The actual process of creating values, incidentally, has to be iterative. The
executive team may come up with a first version, but it should be just that, a
first version. Such a document should go out to be poked and probed by people
all over an organization, over and over again. And the executive team has to go
out of their way to be sure they’ve created an atmosphere where people feel it
is their obligation to contribute.
Now, if you’re in a company where speaking up gets you whacked, this method
of developing values just isn’t going
to work. I understand that, and as long as you stay, you’re going to have to
live with that generic plaque in the front hall.
But if you’re at a company that does welcome debate—and many do—shame on you
if you don’t contribute to the process.
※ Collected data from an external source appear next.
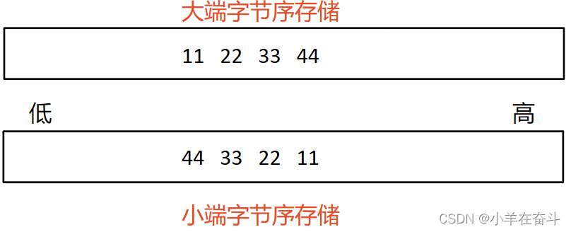 也就是说,大端字节序存储是地址由低到高依次存高位,小端字节序存储是地址由低到高依次存低位。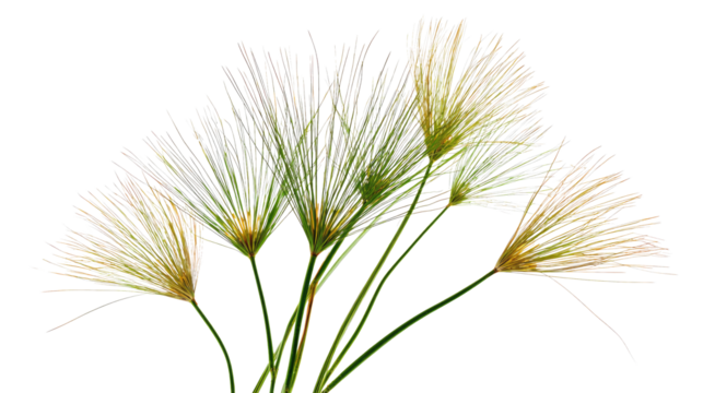Four green grass tufts isolated on transparent background for design and decoration purposes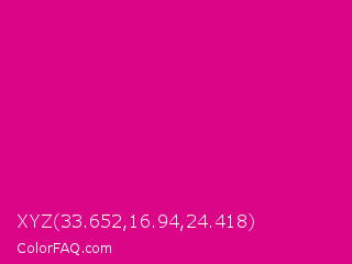 XYZ 33.652,16.94,24.418 Color is a normal magenta color and the nearest color is Mexican Pink #e4007c. Hex code #db0687 and RGB value is rgb(219,6,135). In RGB color space, this color is composed of 86% red, 2% green, 53% blue, In CMYK color space, this color is composed of 0% cyan, 97% magenta, 38% yellow , 14% black , In HSL color space, this color has a hue angle of 324° , 95% saturation and 44% lightness.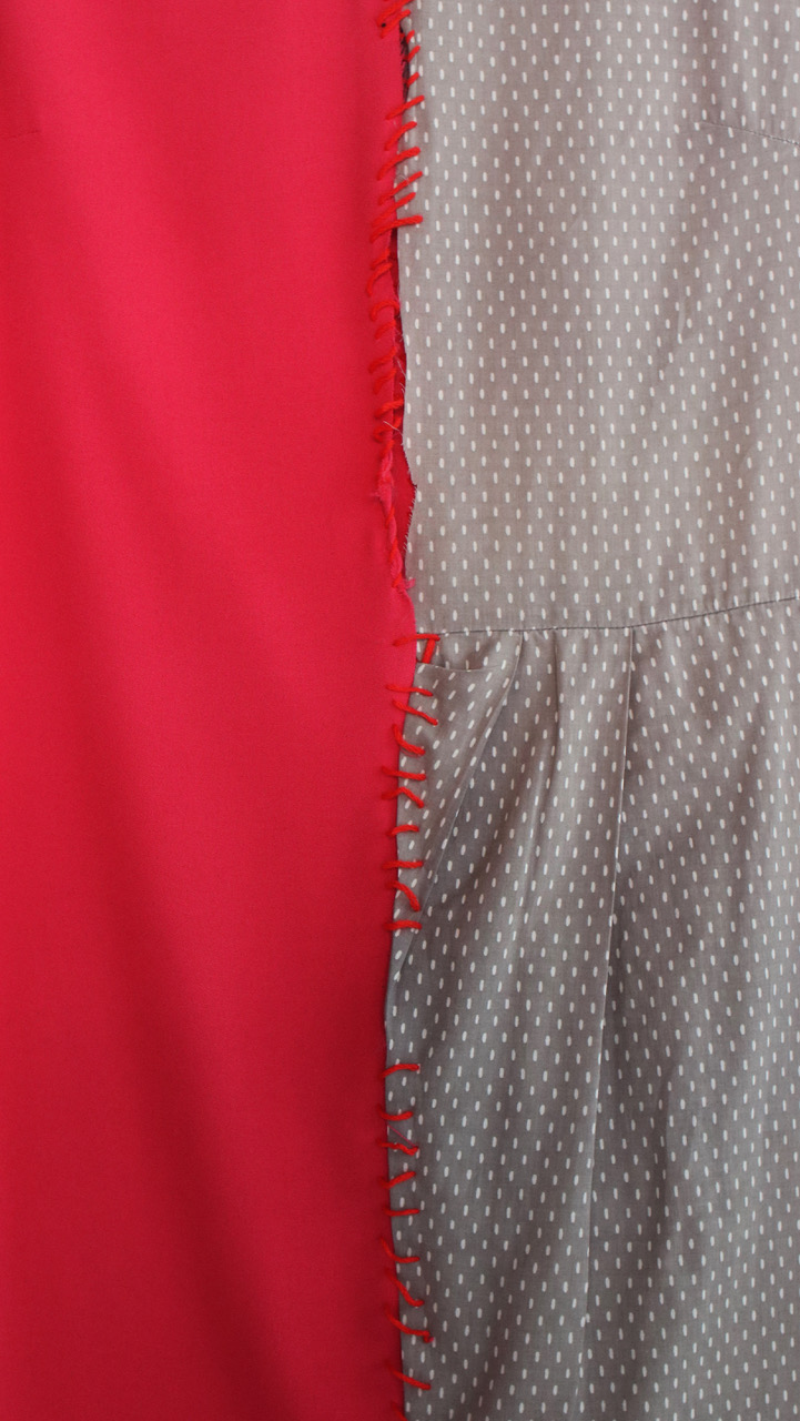 Im satten Grün des Grases in sich ruhend, laden die roten Feuerwehr-schläuche gleichsam zum Platznehmen und Verweilen auf der Wiese ein und wecken auf den ersten Blick Erinnerungen an eine Idylle, wie wir sie aus Wanderungen und von Monets Bild „Le déjeuner sur l’herbe“ in uns tragen. Näher besehen, wird die Idylle weggedrängt: die Knoten weisen auf ungelöste Konflikte hin, die leeren Feuerwehrschläuche auf fehlende oder ungenutzte Möglichkeiten, Brandherde zu löschen. Die Installation steht sowohl als Ausdruck der aktuellen politischen Hilflosigkeit, kriegerische Auseinander-setzungen zu beenden, wie auch unserer alltäglichen Schwierigkeiten, Probleme unter einander zu lösen.
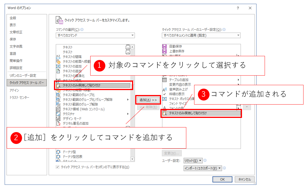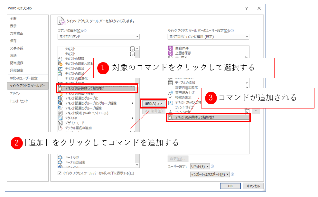 今回追加する[テキストのみ保持して貼り付け]はカタカナなので比較的簡単に見つけられす。見つけたらこのコマンドをクリックして選択し、[追加]ボタンをクリックします。すると、右側のクイックアクセスツールバーの項目の末尾(または選択された箇所)にコマンドが追加されます。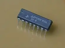 - ↑ Нефедов, А.В. (2002). Интегральные микросхемы и их зарубежные аналоги. Том 06. Серии К565-К599 [Integrated circuits and their foreign equivalents. Volume 06. Series K565-K599.] (in Russian). Moscow: ИП РадиоСофт. ISBN 5-93037-039-7. Retrieved 4 October 2016.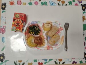 コーンご飯、鶏肉のオーブンからあげ、ほうれん草とベーコンのソテー、ゆでとうもろこし、バナナ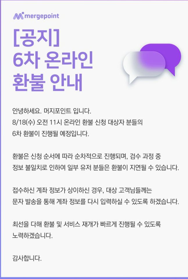 머지포인트 운영사인 머지플러스 측이 이용자들을 대상으로 순차적으로 돈을 돌려주겠다며 6차까지 환불을 진행했다는 입장이지만 인원이나 환불액 규모 등 추후 환불 일정에 대해 밝히지 않고 있어 피해자들의 애만 태우고 있습니다.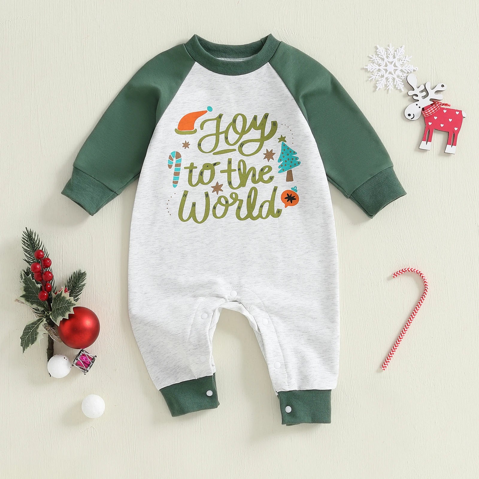 Baby Boys Girls Joy To The World Christmas Romper Letter Tree Long Raglan Sleeve Crewneck Jumpsuit Winter Clothes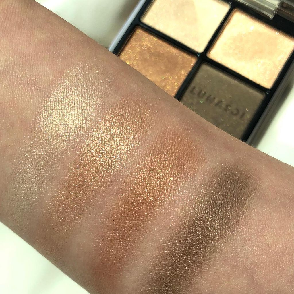 どのパレットも左上が繊細なラメでそれ以外の3色はマットです✲ マットが好きな方はマットのみを使ったりわたしのようにラメ好きな方はラメ足ししたりお出かけメイクでもオフィスメイクでも使えちゃうね😊🎵 粉質の良さはいつものシルキースフレアイズと同様、良きでした😘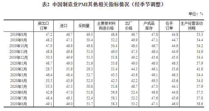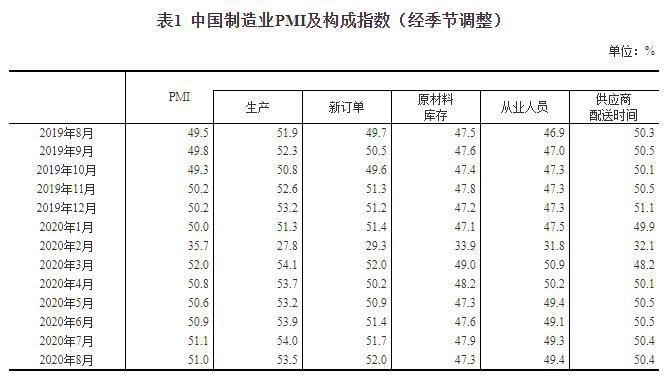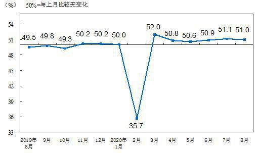 8月份,中国制造业采购经理指数(PMI)为51.0%,比上月略降0.1个百分点,表明制造业总体平稳运行。
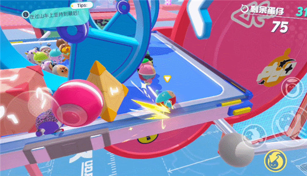 5、他们被困在了岩土怪的上面,玩家需要点碎岩土块,让蛋仔们安全的落到地面上,还要同时注意每个蛋仔的特点。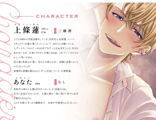TLボイスドラマの中では割と少数派の、男性受け描写が含まれている作品です。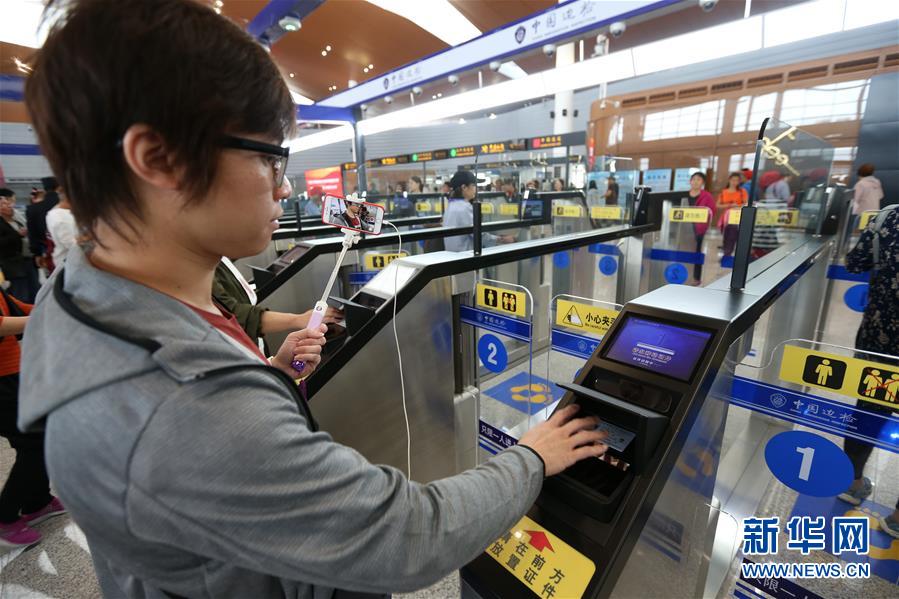 10月24日,一名男子手持自拍桿在自助通道過關(guān)。 當(dāng)日,港珠澳大橋正式通車。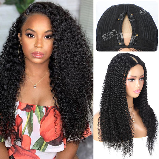 Thin V Part Wig Kinky Curly Natural Scalp Human Hair Wig Without Leave Out
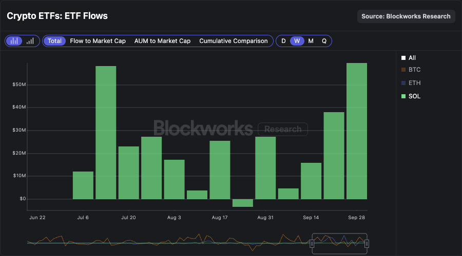 In contrast, and despite last week’s selloff, SOL ETFs posted their most positive week in net inflows since inception, registering +$59 million. This marks five consecutive weeks of net inflows for SOL ETFs. The pending approval of SOL ETFs under the ‘33 Act, likely to occur within the next few weeks, could likely accelerate this momentum. To reiterate, we view it as likely that SOL ETFs approved under the ‘33 Act can attract multiples more in AUM than what is already exhibited in the REX-Osprey SSK.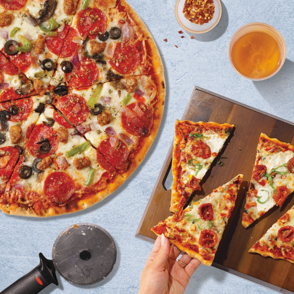 The lineup includes mouth-watering varieties like Italian-Style Supreme Pizza, packed with pepperoni, sausage, green and red bell pepper, mushrooms, and red onion, a classic Margherita Flatbread with a classic combination of fresh mozzarella, roasted cherry tomatoes, and basil, and the debate-inducing Hawaiian Pizza with a sweet and salty combo of sliced Canadian bacon, bacon, and pineapple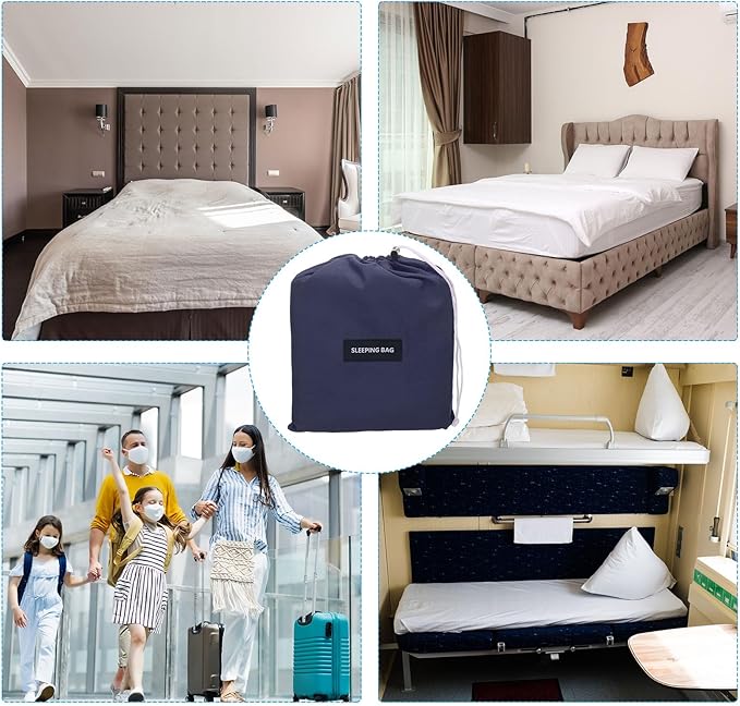 - Advantage: These travel sheets are made of ultra-fine polyester, soft, comfortable, colorfast, washable, breathable, and easily fold up and travel in carry bag.The integrated design of the pillow case blocks dirt. Snap buttons on both sides allow for easy entry and exit.With eye-mask and earplugs, can effectively block light and isolate external noise, helping you sleep comfortable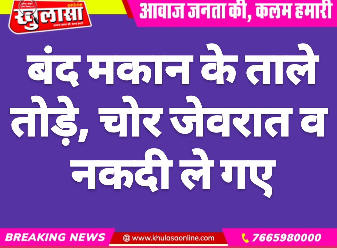 बंद मकान के ताले तोड़े, चोर जेवरात व नकदी ले गए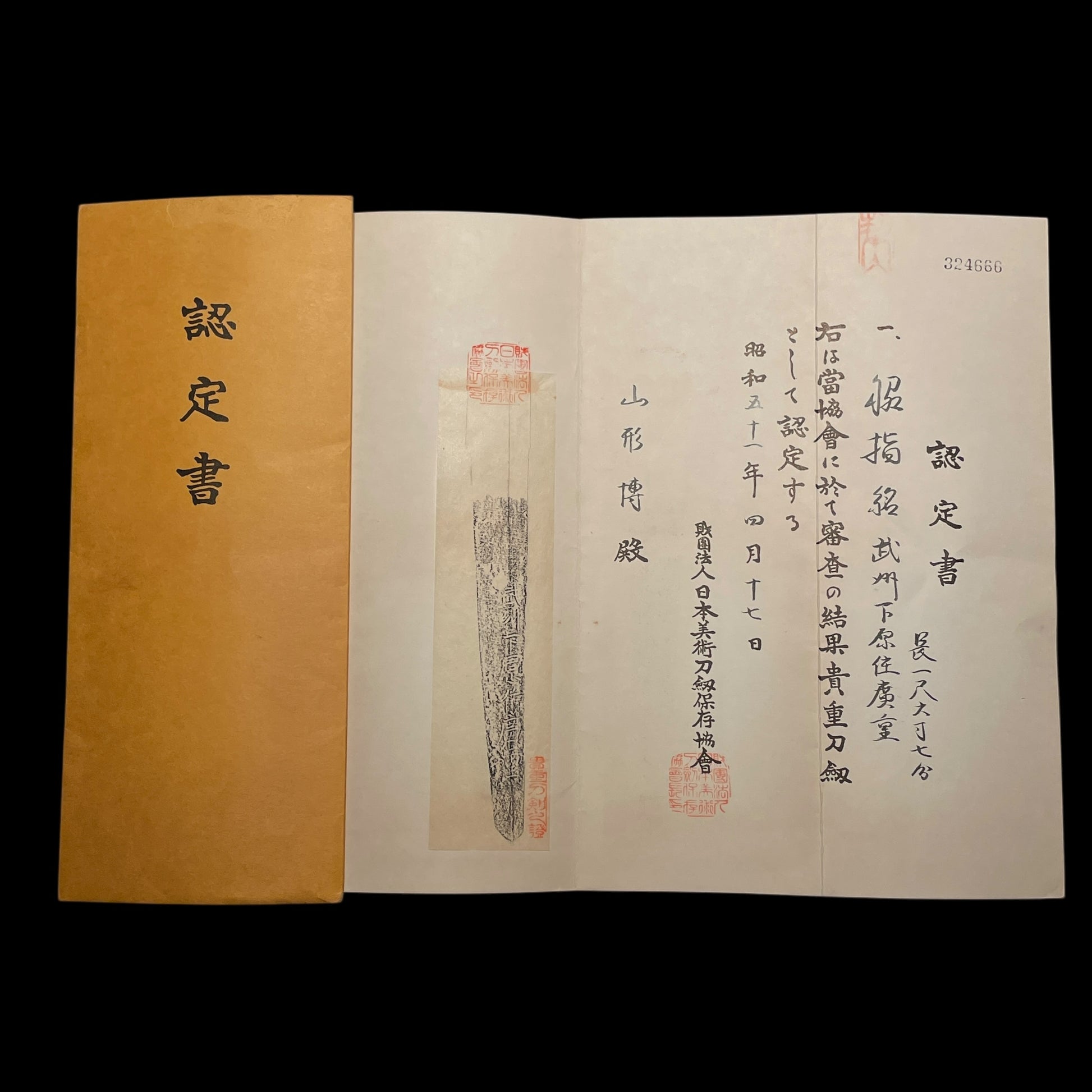 Bushu Shitaharaju Hiroshige 武州下原住廣重 signed Long WAKIZASHI, NBTHK Certificate

If you want values and behaviors that
you understand and can live with yourself, you have to make the case for them.
It’s in the Nitty-Gritty Details
When I first became CEO, I was certainly
guilty of endorsing vague, too cryptic values. For instance, in 1981, I wrote in
the annual report that GE leaders “face reality” and “live excellence” and “feel
ownership.” These platitudes sure sounded good, but they had a long way to go
toward describing real behaviors.
By 1991, we had made a lot of progress. Over the course of the previous three
years, more than five thousand employees spent some portion of their time
participating in the development of our values. The result was much more
concrete. We printed them on laminated wallet cards. The text included
imperatives such as “Act in a boundaryless fashion—always search for and apply
the best ideas regardless of their source” and “Be intolerant of bureaucracy”
and “See change for the growth opportunity it brings.”
Of course, some of these behaviors required further explanation and
interpretation. And we did that all the time, at meetings, during appraisals,
and at the watercooler.
Since leaving GE, I’ve realized how much further still we might have been
able to push the discussion about values and behaviors. In 2004, I watched Jamie
Dimon and Bill Harrison work together to develop values and behaviors for the
new company created by the merger of Bank One and JP Morgan Chase. The document
they used to open the dialogue came from Bank One, and it listed values and
their corresponding behaviors with a level of detail I had never seen before.
Take the value “We treat customers the way we would want to be treated.”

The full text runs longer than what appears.